I have spent the last four summers living like a hippie in the wilds of British Columbia. While everyone back home was tweeting  about summer fun, life for me was simple. I slept in a tent, wore weird thrift store outfits and cooked up masses of Shepherd’s Pie and Pizza for burly treeplanters.

It was a great way to get out of the city, clear my head and escape the acting world for a little bit. Going to audition after audition and losing parts in mascara commercials to 14 year olds can make anyone a little crazy. But I am such a city slicker, and a few weeks into each wild summer I would find myself dreaming of my urban homeland. Fast forward to this year: I will officially be staying in the 416 for the warmest months of the year.
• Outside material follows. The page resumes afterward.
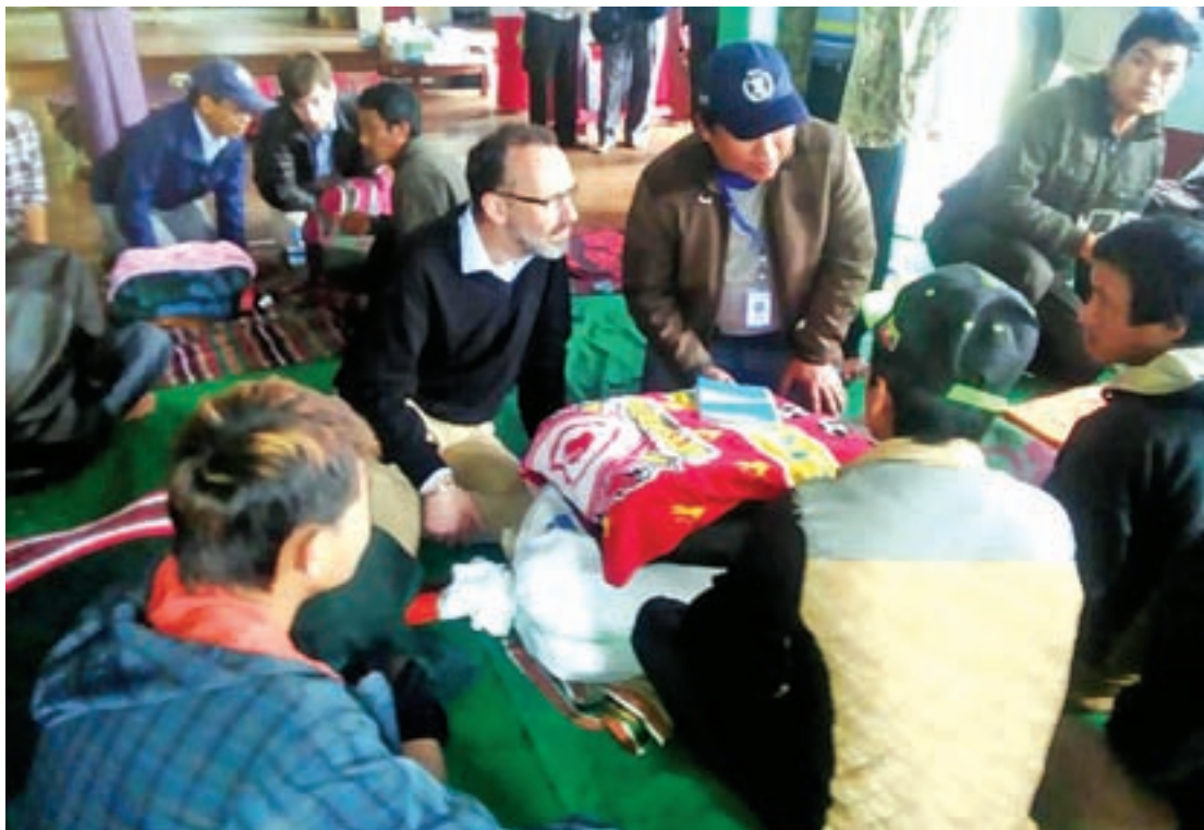
EU delegation seen visiting an IDP camp in Kyaukme.

AN EU delegation visited camps for the internally displaced persons (IDP) in Kyaukme, northern Shan State on Thursday, investigating their conditions.

And having never experienced a Toronto summer, I have a pretty hefty wishlist.

From what I hear, there are magical spots where you can drink outside called “patios.” I don’t have much more to say other than YES. And on those patios, I can finally wear all the great vintage dresses I’ve been hoarding that my husband has referred to as “colonial-ish,” “weirdly Medieval” and “sort of Amish, but too short.”  Look out, fashionistas of T.dot.

When I’m not on a patio, I intend to make my own fancy little ice cubes, and I’ve even started brewing my own fermented tea (Kombucha). This should give me something suitably douchey to talk about on patios. You can just call me Martha.

Finally, I’m at my cockiest when giving (extremely bad) directions to visiting families or couples. Forget the fact that I barely know basic intersections, when someone asks me how to get somewhere, I am elated. Like in a weird way, as if someone recognizing me as a city native makes me Carrie Bradshaw. I’m hoping this happens a lot this summer to boost my self worth in between callbacks for experimental “profit-sharing” performance art shows.

Quick tip, if a lone German backpacker asks you to take a picture with him in front of a yellow school bus…just say no. Trust me.

HELLO SUMMER. My mother gave me an amazing wicker picnic basket that I’ve been using as a filing cabinet for the last 36 months. Time to uncrumple those old paystubs and fill that thing with snacks, am I right? If I’m missing anything please let me know, I’m off to buy 8 pairs of sunglasses.